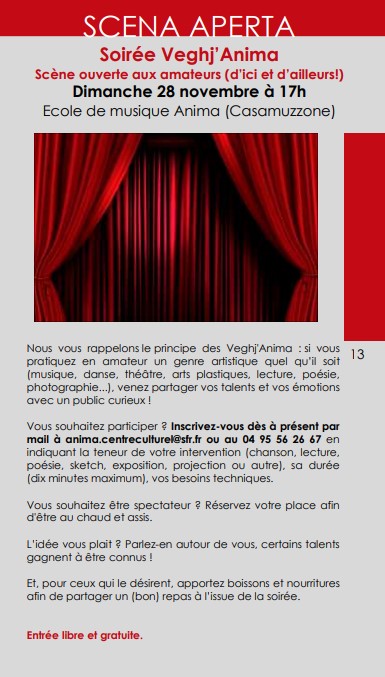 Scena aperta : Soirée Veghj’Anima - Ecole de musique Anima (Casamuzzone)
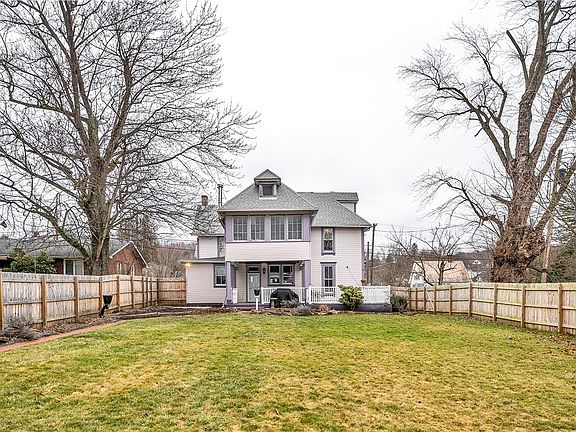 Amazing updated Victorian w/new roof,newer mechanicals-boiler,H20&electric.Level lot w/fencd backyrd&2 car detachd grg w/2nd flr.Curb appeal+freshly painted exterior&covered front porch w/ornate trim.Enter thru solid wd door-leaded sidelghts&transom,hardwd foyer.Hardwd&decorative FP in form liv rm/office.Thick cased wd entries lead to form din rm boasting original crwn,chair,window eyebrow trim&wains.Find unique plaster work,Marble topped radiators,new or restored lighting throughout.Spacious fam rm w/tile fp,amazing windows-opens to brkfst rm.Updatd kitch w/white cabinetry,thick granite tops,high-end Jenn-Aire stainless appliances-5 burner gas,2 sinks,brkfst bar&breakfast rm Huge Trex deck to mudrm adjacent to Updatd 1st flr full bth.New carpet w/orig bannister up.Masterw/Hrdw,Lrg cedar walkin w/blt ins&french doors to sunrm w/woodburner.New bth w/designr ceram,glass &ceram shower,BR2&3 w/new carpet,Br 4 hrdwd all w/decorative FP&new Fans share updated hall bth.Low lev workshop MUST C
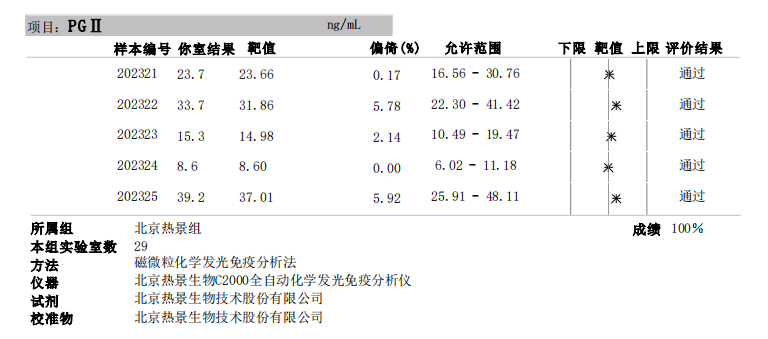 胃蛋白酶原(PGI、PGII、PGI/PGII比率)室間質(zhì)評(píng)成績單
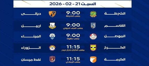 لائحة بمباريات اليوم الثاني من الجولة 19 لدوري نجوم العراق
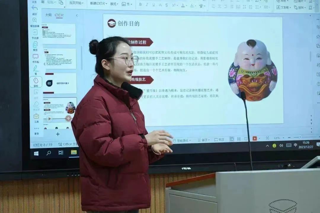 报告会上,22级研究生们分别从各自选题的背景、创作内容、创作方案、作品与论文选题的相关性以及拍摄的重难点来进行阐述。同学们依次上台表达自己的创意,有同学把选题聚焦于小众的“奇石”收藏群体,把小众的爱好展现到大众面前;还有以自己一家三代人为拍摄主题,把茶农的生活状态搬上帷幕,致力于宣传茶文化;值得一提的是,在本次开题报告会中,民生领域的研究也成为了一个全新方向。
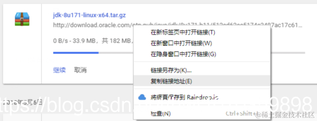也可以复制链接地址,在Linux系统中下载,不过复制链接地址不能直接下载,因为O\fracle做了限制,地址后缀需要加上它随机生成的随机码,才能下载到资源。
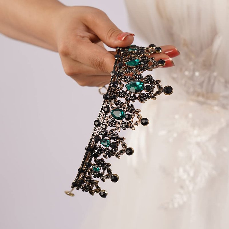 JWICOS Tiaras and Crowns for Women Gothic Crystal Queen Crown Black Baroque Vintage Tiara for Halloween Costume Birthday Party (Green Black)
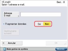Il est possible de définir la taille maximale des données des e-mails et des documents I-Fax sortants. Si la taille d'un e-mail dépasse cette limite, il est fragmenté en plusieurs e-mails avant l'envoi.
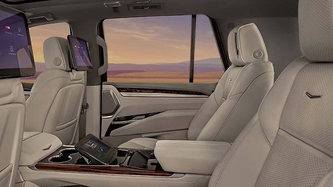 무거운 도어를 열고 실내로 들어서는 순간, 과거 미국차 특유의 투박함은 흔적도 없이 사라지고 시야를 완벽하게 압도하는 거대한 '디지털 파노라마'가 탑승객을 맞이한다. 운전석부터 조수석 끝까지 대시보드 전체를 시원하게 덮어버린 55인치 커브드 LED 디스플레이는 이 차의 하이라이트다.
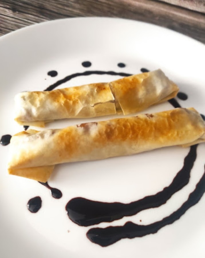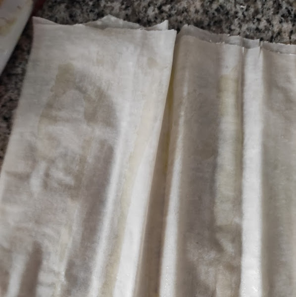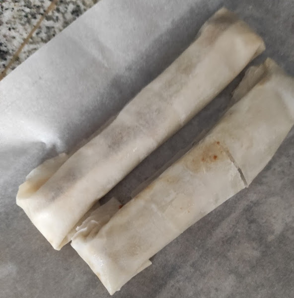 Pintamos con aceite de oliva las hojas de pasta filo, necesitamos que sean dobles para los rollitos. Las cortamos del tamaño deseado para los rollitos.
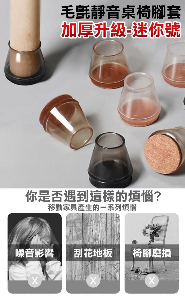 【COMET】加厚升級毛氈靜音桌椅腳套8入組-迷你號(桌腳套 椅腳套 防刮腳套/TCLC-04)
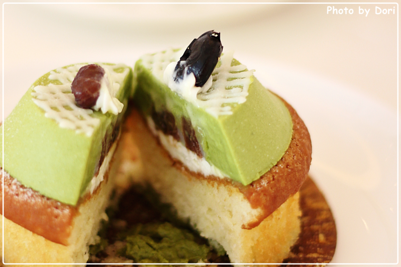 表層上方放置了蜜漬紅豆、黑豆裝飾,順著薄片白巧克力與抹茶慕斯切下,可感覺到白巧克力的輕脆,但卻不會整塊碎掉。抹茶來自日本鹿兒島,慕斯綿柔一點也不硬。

....

**YOUR OBJECTIVE:**
Exact reproduction of the entries above is what's needed; images stay out.

**YOUR RESPONSE:**
 Scena aperta : Soirée Veghj’Anima - Ecole de musique Anima (Casamuzzone)
 Amazing updated Victorian w/new roof,newer mechanicals-boiler,H20&electric.Level lot w/fencd backyrd&2 car detachd grg w/2nd flr.Curb appeal+freshly painted exterior&covered front porch w/ornate trim.Enter thru solid wd door-leaded sidelghts&transom,hardwd foyer.Hardwd&decorative FP in form liv rm/office.Thick cased wd entries lead to form din rm boasting original crwn,chair,window eyebrow trim&wains.Find unique plaster work,Marble topped radiators,new or restored lighting throughout.Spacious fam rm w/tile fp,amazing windows-opens to brkfst rm.Updatd kitch w/white cabinetry,thick granite tops,high-end Jenn-Aire stainless appliances-5 burner gas,2 sinks,brkfst bar&breakfast rm Huge Trex deck to mudrm adjacent to Updatd 1st flr full bth.New carpet w/orig bannister up.Masterw/Hrdw,Lrg cedar walkin w/blt ins&french doors to sunrm w/woodburner.New bth w/designr ceram,glass &ceram shower,BR2&3 w/new carpet,Br 4 hrdwd all w/decorative FP&new Fans share updated hall bth.Low lev workshop MUST C
 胃蛋白酶原(PGI、PGII、PGI/PGII比率)室間質(zhì)評(píng)成績單
 لائحة بمباريات اليوم الثاني من الجولة 19 لدوري نجوم العراق
 报告会上,22级研究生们分别从各自选题的背景、创作内容、创作方案、作品与论文选题的相关性以及拍摄的重难点来进行阐述。同学们依次上台表达自己的创意,有同学把选题聚焦于小众的“奇石”收藏群体,把小众的爱好展现到大众面前;还有以自己一家三代人为拍摄主题,把茶农的生活状态搬上帷幕,致力于宣传茶文化;值得一提的是,在本次开题报告会中,民生领域的研究也成为了一个全新方向。
也可以复制链接地址,在Linux系统中下载,不过复制链接地址不能直接下载,因为O\fracle做了限制,地址后缀需要加上它随机生成的随机码,才能下载到资源。
 JWICOS Tiaras and Crowns for Women Gothic Crystal Queen Crown Black Baroque Vintage Tiara for Halloween Costume Birthday Party (Green Black)
Il est possible de définir la taille maximale des données des e-mails et des documents I-Fax sortants. Si la taille d'un e-mail dépasse cette limite, il est fragmenté en plusieurs e-mails avant l'envoi.
 무거운 도어를 열고 실내로 들어서는 순간, 과거 미국차 특유의 투박함은 흔적도 없이 사라지고 시야를 완벽하게 압도하는 거대한 '디지털 파노라마'가 탑승객을 맞이한다. 운전석부터 조수석 끝까지 대시보드 전체를 시원하게 덮어버린 55인치 커브드 LED 디스플레이는 이 차의 하이라이트다.
 Pintamos con aceite de oliva las hojas de pasta filo, necesitamos que sean dobles para los rollitos. Las cortamos del tamaño deseado para los rollitos.
 【COMET】加厚升級毛氈靜音桌椅腳套8入組-迷你號(桌腳套 椅腳套 防刮腳套/TCLC-04)
 表層上方放置了蜜漬紅豆、黑豆裝飾,順著薄片白巧克力與抹茶慕斯切下,可感覺到白巧克力的輕脆,但卻不會整塊碎掉。抹茶來自日本鹿兒島,慕斯綿柔一點也不硬。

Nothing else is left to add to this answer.